- [REQUIRED ACTION]:
Quote every line from the top of the listing down to and including the line that contains "碧桂園的泉眼從上至下流,40".

- [MATERIALS PROVIDED]:

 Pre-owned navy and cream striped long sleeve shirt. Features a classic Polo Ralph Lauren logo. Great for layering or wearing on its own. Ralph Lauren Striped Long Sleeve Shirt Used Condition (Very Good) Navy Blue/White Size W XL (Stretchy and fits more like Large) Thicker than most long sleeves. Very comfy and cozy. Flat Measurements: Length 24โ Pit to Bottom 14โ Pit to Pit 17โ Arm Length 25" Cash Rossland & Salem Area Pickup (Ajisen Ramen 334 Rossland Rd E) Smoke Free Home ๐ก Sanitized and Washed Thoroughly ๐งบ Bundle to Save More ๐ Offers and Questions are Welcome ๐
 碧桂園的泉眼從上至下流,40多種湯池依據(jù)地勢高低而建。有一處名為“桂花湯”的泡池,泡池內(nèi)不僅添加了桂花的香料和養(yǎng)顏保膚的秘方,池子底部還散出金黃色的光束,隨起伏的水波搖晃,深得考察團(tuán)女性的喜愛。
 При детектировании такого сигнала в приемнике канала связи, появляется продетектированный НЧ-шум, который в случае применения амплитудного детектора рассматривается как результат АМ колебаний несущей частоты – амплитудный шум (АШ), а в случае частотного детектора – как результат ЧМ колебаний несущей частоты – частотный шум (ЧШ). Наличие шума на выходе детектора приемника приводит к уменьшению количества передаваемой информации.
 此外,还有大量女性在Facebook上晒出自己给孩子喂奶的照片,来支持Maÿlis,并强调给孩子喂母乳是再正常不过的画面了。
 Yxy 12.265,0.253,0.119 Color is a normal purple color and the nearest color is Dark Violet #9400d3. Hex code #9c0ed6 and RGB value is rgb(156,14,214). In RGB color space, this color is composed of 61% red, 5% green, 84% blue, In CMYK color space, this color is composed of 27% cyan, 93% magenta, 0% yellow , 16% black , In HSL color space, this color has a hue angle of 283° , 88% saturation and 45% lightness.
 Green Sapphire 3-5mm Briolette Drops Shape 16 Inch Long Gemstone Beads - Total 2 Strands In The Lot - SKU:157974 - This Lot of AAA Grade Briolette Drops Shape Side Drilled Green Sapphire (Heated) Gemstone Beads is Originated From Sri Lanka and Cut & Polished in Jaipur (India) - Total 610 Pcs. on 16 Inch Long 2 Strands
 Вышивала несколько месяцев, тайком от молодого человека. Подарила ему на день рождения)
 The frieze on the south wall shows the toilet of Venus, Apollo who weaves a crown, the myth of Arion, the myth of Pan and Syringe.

- [ANSWER SECTION]:
 Pre-owned navy and cream striped long sleeve shirt. Features a classic Polo Ralph Lauren logo. Great for layering or wearing on its own. Ralph Lauren Striped Long Sleeve Shirt Used Condition (Very Good) Navy Blue/White Size W XL (Stretchy and fits more like Large) Thicker than most long sleeves. Very comfy and cozy. Flat Measurements: Length 24โ Pit to Bottom 14โ Pit to Pit 17โ Arm Length 25" Cash Rossland & Salem Area Pickup (Ajisen Ramen 334 Rossland Rd E) Smoke Free Home ๐ก Sanitized and Washed Thoroughly ๐งบ Bundle to Save More ๐ Offers and Questions are Welcome ๐
 碧桂園的泉眼從上至下流,40多種湯池依據(jù)地勢高低而建。有一處名為“桂花湯”的泡池,泡池內(nèi)不僅添加了桂花的香料和養(yǎng)顏保膚的秘方,池子底部還散出金黃色的光束,隨起伏的水波搖晃,深得考察團(tuán)女性的喜愛。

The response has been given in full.